“Destructive, isn’t it?” said Banneker, looking up quickly.
“Now, you want to go farther. You want to teach ’em to think.”
“Exactly. Why not?”
“Why not? Why, because, you young idiot, they’ll think wrong.”
“Very likely. At first. We all had to spell wrong before we spelled right. What if people do think wrong? It’s the thinking that’s important. Eventually they’ll think right.”
“With the newspapers to guide them?” There was a world of scorn in the magnate’s voice.
“Some will guide wrong. Some will guide right. The most I hope to do is to teach ’em a little to use their minds. Education and a fair field. To find out and to make clear what is found; that’s the business of a newspaper as I see it.”
“Tittle-tattle. Tale-mongering,” was Masters’s contemptuous qualification.
“A royal mission,” laughed Banneker. “I call the Sage to witness. ’But the glory of kings is to search out a matter.’”
“But they’ve got to be kings,” retorted the other quickly. “It’s a tricky business, Banneker. Better go in for polo. We need you.” He lumbered away, morose and growling, but turned back to call over his shoulder: “Read your own stuff when you get up to-morrow and see if polo isn’t a better game and a cleaner.”
What the Great of the city might think of his journalistic achievement troubled Banneker but little, so long as they thought of it at all, thereby proving its influence; the general public was his sole arbiter, except for the opinions of the very few whose approval he really desired, Io Eyre, Camilla Van Arsdale, and more remotely the men for whose own standards he maintained a real respect, such as Willis Enderby and Gaines. Determined to make Miss Van Arsdale see his point of view, as well as to assure himself of hers, he had extracted from her a promise that she would visit The Patriot office before she returned to the West. Accordingly, on a set morning she arrived on her trip of inspection, tall, serene, and, in her aloof genre, beautiful, an alien figure in the midst of that fevered and delirious energy.

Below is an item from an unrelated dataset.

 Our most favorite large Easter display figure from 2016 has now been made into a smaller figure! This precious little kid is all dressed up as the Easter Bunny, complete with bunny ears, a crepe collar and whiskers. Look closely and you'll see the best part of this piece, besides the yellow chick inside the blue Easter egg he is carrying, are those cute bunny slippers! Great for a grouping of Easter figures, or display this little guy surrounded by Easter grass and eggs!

He took her through the plant, elucidating the mechanical processes of the daily miracle of publication, more far-reaching than was ever any other voice of man, more ephemeral than the day of the briefest butterfly. Throughout, the visitor’s pensive eyes kept turning from the creature to the creator, until, back in the trim quietude of his office, famed as the only orderly working-room of journalism, she delivered her wondering question:
“And you have made all this, Ban?”
“At least I’ve remade it.”
She shook her head. “No; as I told you before, I can’t see you in it.”
“You mean, it doesn’t express me. It isn’t meant to.’
“Whom does it express, then? Mr. Marrineal?”
“No. It isn’t an expression at all in that sense. It’s a—a response. A response to the demand of hundreds of thousands of people who have never had a newspaper made for them before.”